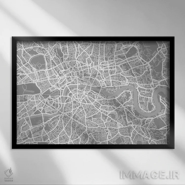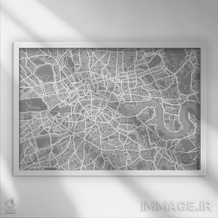 تابلو نقشه لندن ۵ اثر مایکل تامپست - نمای قاب‌دار سفید
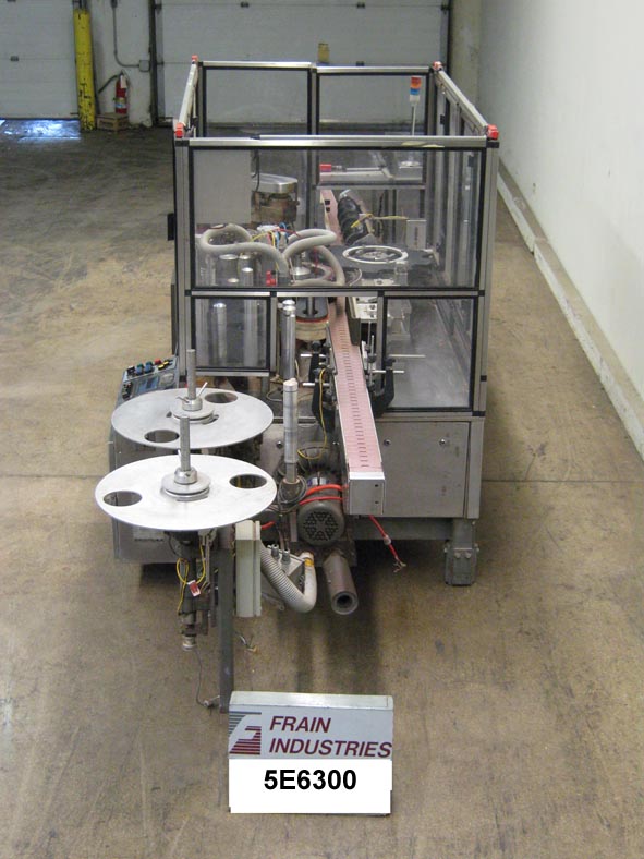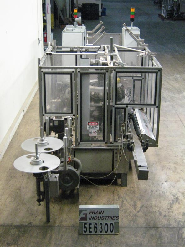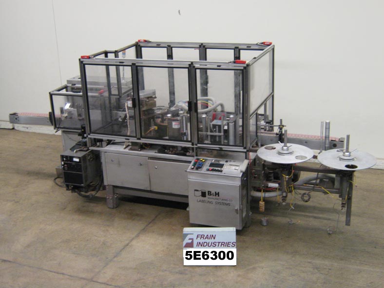 返回所有设备B&H 8000S自动,内联,卷料,胶水标签,额定速度100至750 cpm取决于应用。容器尺寸范围:2" - 5.75"直径和高达10"高,标签尺寸范围:4.8”,16.2”L x 1 - 9.5”W .蜗杆螺钉星轮横向进给/放电,旋转容器间距炮塔,180 L x 4 1/2“W变速塑料德隆链板输送机36“横向进给/卸料高度,标签放松站,Slatterbach H / M胶系统,电子注册,真空泵,集中润滑系统,控制面板,A/B SLC 5/04控制器,面板视图,可处理塑料,金属,纤维板容器,PP, BOPP, PVC, PE, PS薄膜材料的单层和多层结构。
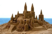 Воспитатели вместе с детьми, выходя на прогулку, выносят материал для выполнения построек из песка: пластмассовые ведёрки, совки, лопатки, формочки, а также легко моющиеся игрушки для обыгрывания: машины, пластмассовые образные игрушки (куклы, фигурки зверей). Все постройки, сделанные детьми, получаются яркими и привлекательными.
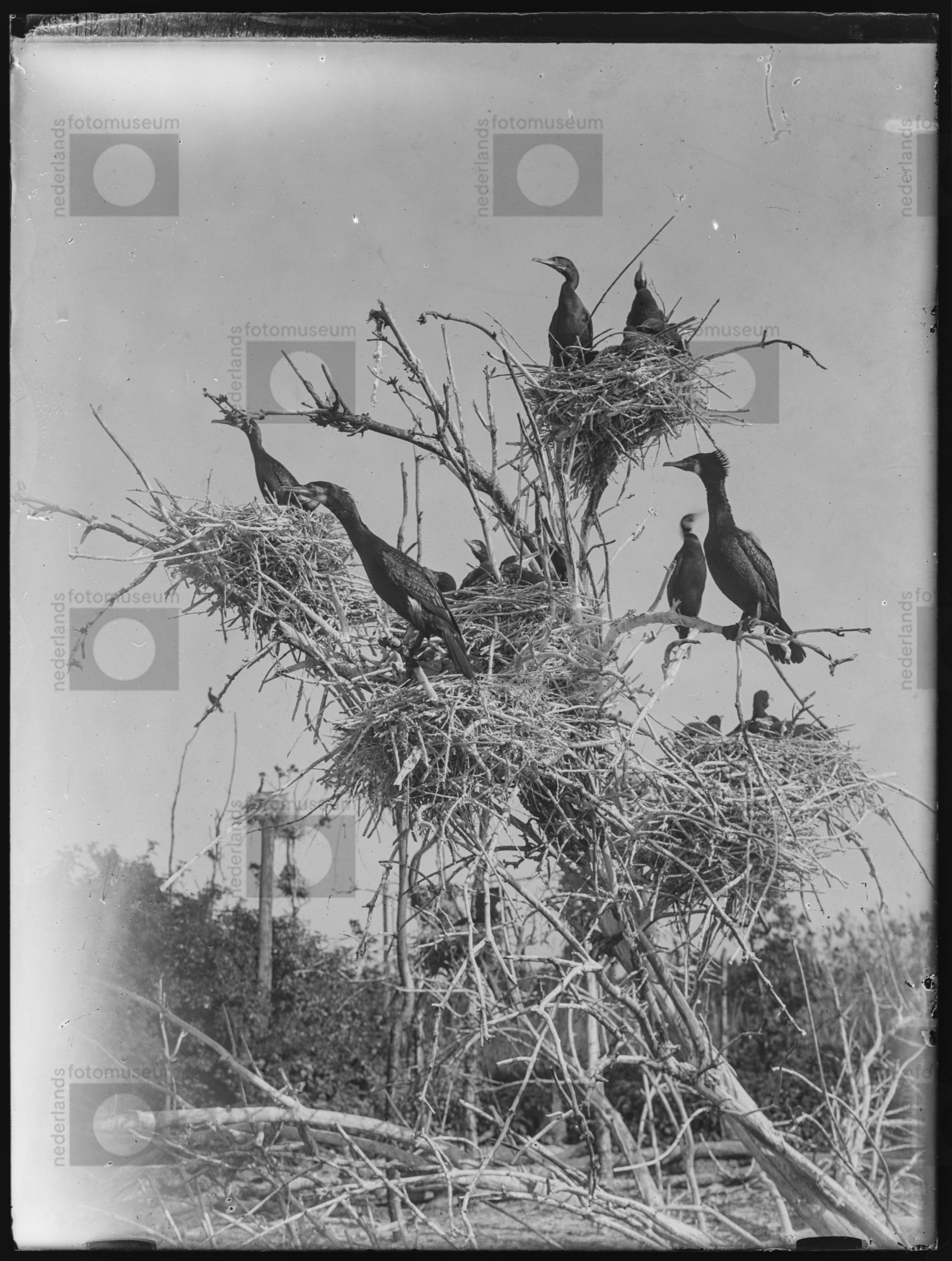 Aalscholvers bij/op hun nest, Lekkerkerk (1931)

EXERCISE DESCRIPTION: Everything above from the line containing "PVC, PE, PS薄膜材料的单层和多层结构。" down to the line containing "Воспитатели вместе с" is to be duplicated exactly, both lines included, and the pictures are to be omitted.

SOLUTION TO THIS PROBLEM:
 返回所有设备B&H 8000S自动,内联,卷料,胶水标签,额定速度100至750 cpm取决于应用。容器尺寸范围:2" - 5.75"直径和高达10"高,标签尺寸范围:4.8”,16.2”L x 1 - 9.5”W .蜗杆螺钉星轮横向进给/放电,旋转容器间距炮塔,180 L x 4 1/2“W变速塑料德隆链板输送机36“横向进给/卸料高度,标签放松站,Slatterbach H / M胶系统,电子注册,真空泵,集中润滑系统,控制面板,A/B SLC 5/04控制器,面板视图,可处理塑料,金属,纤维板容器,PP, BOPP, PVC, PE, PS薄膜材料的单层和多层结构。
 Воспитатели вместе с детьми, выходя на прогулку, выносят материал для выполнения построек из песка: пластмассовые ведёрки, совки, лопатки, формочки, а также легко моющиеся игрушки для обыгрывания: машины, пластмассовые образные игрушки (куклы, фигурки зверей). Все постройки, сделанные детьми, получаются яркими и привлекательными.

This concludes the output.